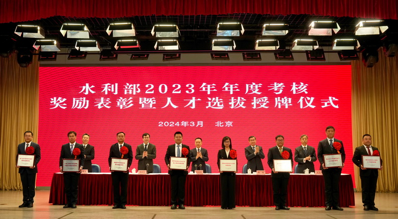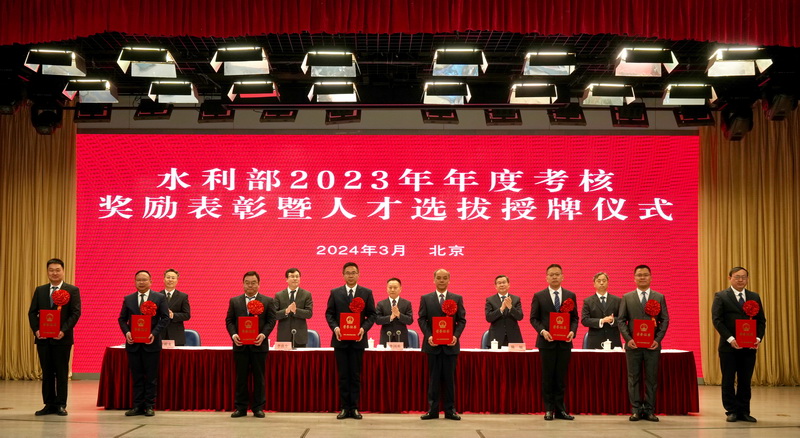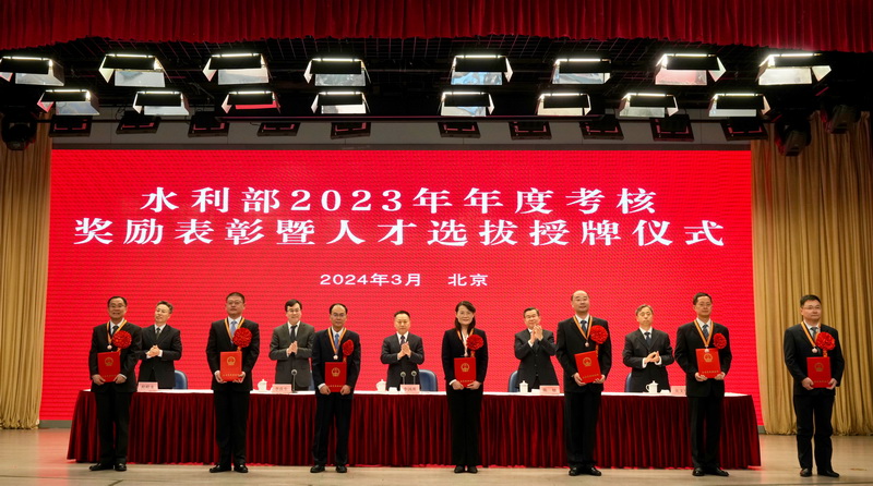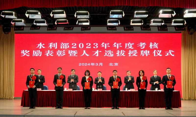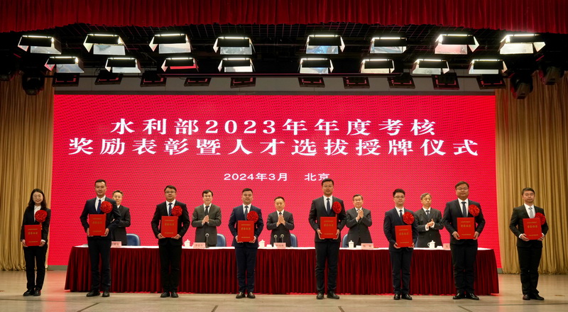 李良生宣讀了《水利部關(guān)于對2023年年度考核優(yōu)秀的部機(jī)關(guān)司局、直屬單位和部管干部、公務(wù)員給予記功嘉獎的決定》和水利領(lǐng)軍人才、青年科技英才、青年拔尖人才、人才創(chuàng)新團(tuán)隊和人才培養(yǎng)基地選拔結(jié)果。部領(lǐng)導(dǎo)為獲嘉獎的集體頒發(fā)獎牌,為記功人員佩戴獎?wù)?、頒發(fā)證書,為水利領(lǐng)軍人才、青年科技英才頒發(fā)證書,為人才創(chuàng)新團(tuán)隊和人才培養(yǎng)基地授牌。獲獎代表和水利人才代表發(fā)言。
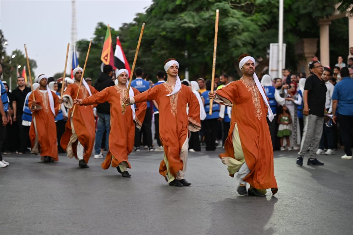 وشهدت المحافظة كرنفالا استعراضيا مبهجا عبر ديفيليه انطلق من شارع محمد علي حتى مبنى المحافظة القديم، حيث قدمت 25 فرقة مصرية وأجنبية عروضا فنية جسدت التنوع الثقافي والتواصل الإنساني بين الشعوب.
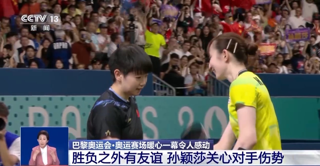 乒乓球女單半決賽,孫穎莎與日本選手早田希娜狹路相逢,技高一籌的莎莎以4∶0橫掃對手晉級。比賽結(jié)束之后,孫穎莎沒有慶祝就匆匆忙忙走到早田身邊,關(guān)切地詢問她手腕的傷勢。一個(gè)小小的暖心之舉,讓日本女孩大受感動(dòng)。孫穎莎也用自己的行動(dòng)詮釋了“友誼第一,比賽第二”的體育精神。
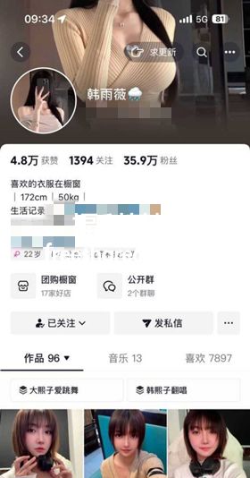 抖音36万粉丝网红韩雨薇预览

TASK TO CARRY OUT
From the line containing "وشهدت المحافظة كرنفالا" through the final line of the listing above, reproduce every line exactly, with no pictures.

ANSWER TO THIS TASK
 وشهدت المحافظة كرنفالا استعراضيا مبهجا عبر ديفيليه انطلق من شارع محمد علي حتى مبنى المحافظة القديم، حيث قدمت 25 فرقة مصرية وأجنبية عروضا فنية جسدت التنوع الثقافي والتواصل الإنساني بين الشعوب.
 乒乓球女單半決賽,孫穎莎與日本選手早田希娜狹路相逢,技高一籌的莎莎以4∶0橫掃對手晉級。比賽結(jié)束之后,孫穎莎沒有慶祝就匆匆忙忙走到早田身邊,關(guān)切地詢問她手腕的傷勢。一個(gè)小小的暖心之舉,讓日本女孩大受感動(dòng)。孫穎莎也用自己的行動(dòng)詮釋了“友誼第一,比賽第二”的體育精神。
 抖音36万粉丝网红韩雨薇预览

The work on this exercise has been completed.